In cricket, a five-wicket haul (also known as a "five–for" or "fifer") refers to a bowler taking five or more wickets in a single innings. This is regarded as a notable achievement, and fewer than 50 bowlers have taken more than 15 five-wicket hauls at international level in their cricketing careers. Richard Hadlee, a retired New Zealand cricketer, took 41 five-wicket hauls during his career in international cricket. A fast bowler who represented his country between 1973 and 1990, Hadlee was described by the BBC as "one of the greatest bowlers the world has seen". Hadlee was named by Wisden as one of their Cricketers of the Year in 1982. In 2009, the International Cricket Council (ICC) inducted him into the ICC Cricket Hall of Fame. Hadlee was the first bowler to take 400 wickets in Test cricket.

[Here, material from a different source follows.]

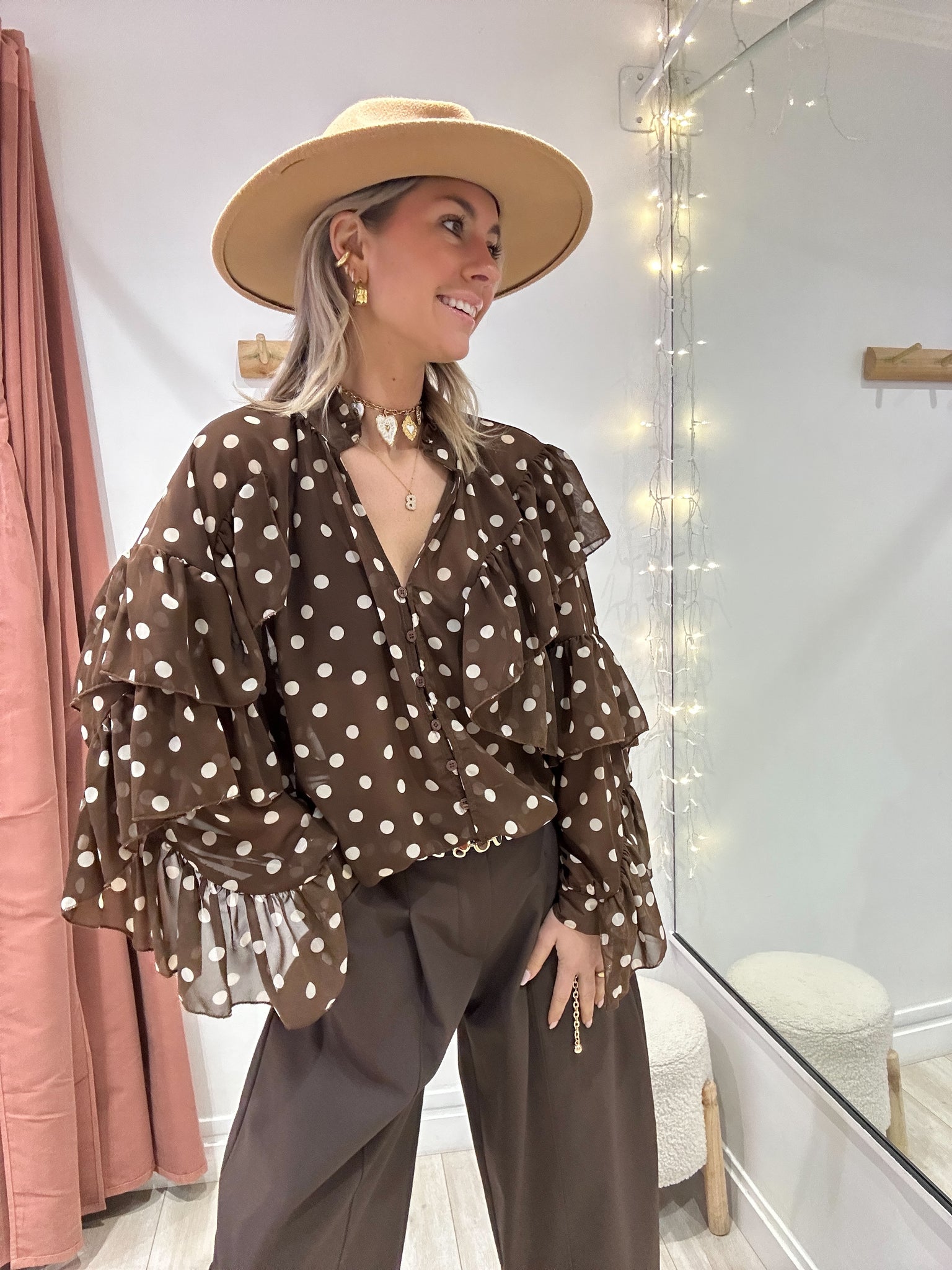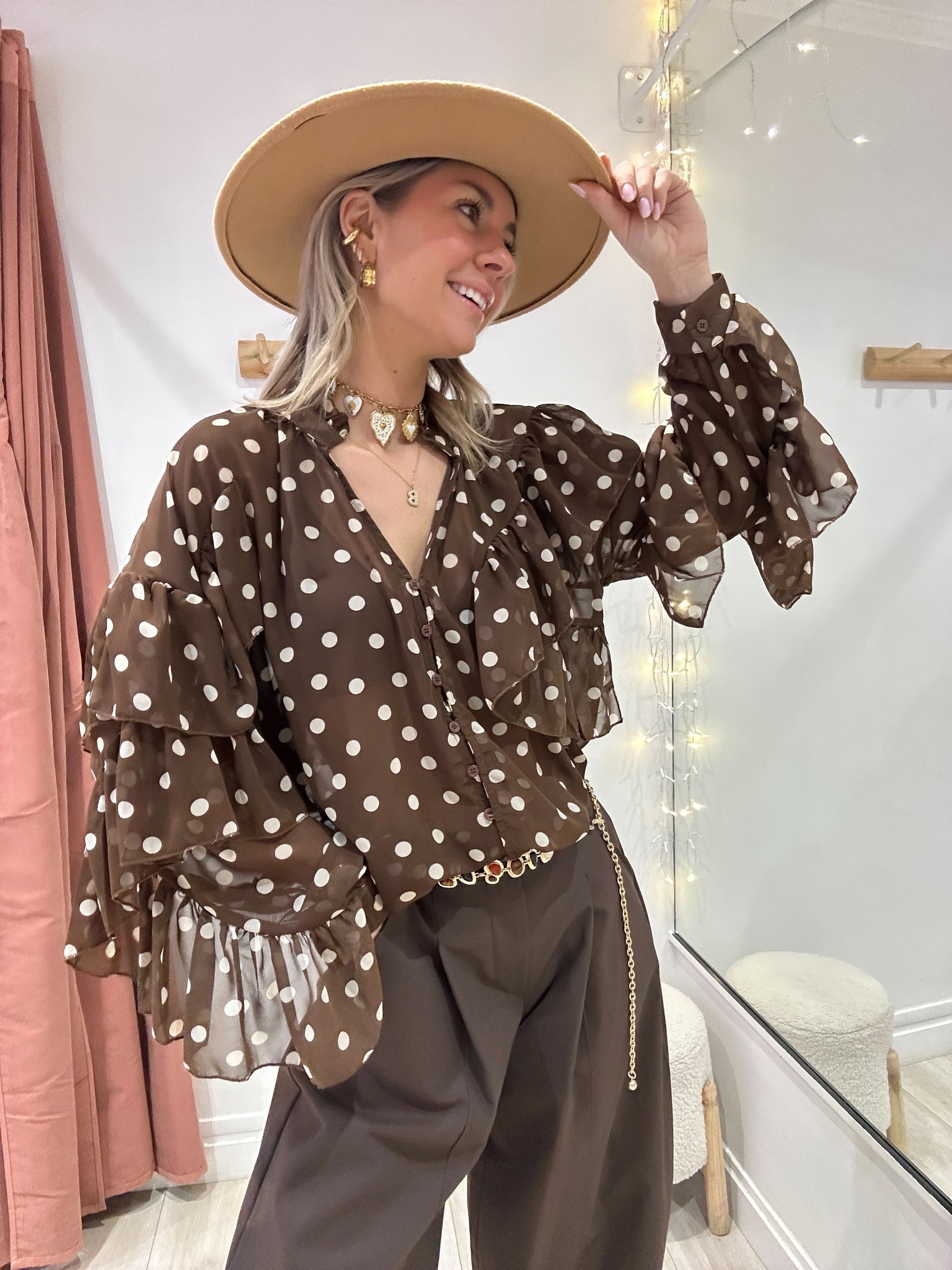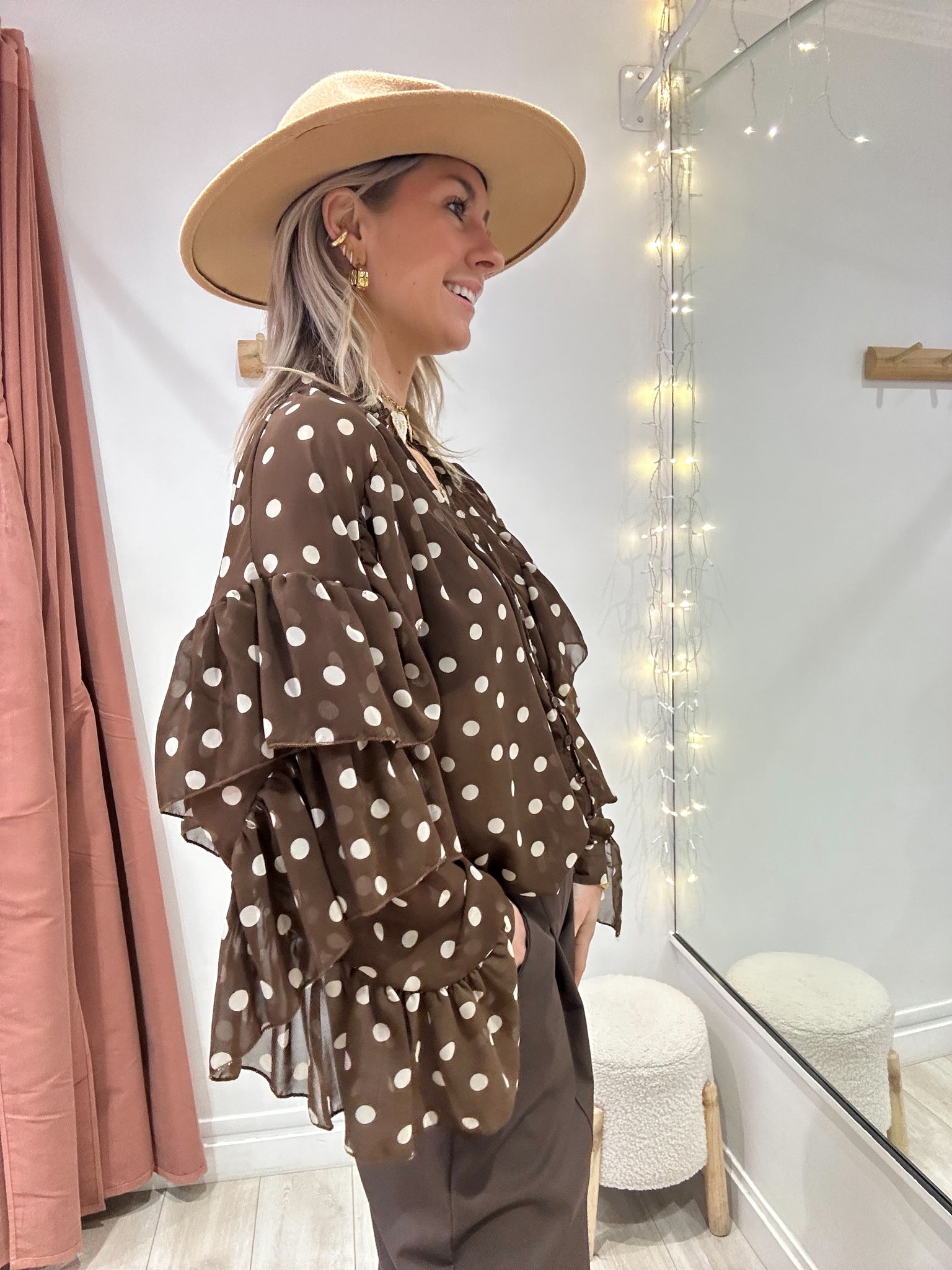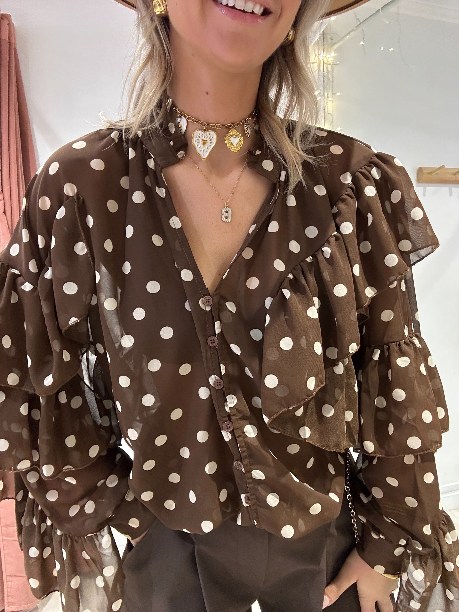 Blouse à volants à pois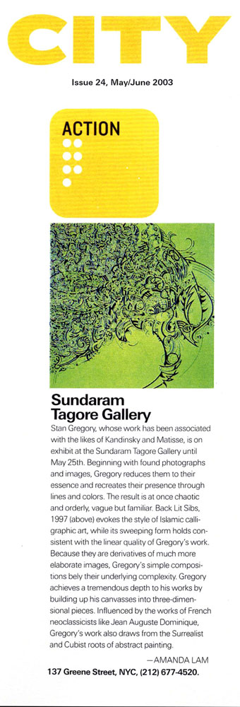 "Stan Gregory[s] . . . work has been associated with the likes of Kandinsky and Matisse . . . [He] evokes the style of Islamic calligraphic art"

Hadlee made his Test debut in 1973 against Pakistan at the Basin Reserve, Wellington. His first Test five-wicket haul came in 1976, against India in a match at the same venue which New Zealand won. In February 1980, he took his first pair of five-wicket hauls in a single match against the West Indies at the Carisbrook, Dunedin. By the end of his career, he had claimed five-wicket hauls in both innings of a match on five occasions. He went on to take ten or more wickets in a match on nine occasions. In Tests, Hadlee was most successful against Australia, with fourteen five-wicket hauls. His best bowling figures in an innings were 9 wickets for 52 runs against the same team at the Brisbane Cricket Ground, in November 1985. He followed up in the second innings of that match with 6 for 71 and achieved his best match figures of 15 for 123 to give New Zealand an innings win.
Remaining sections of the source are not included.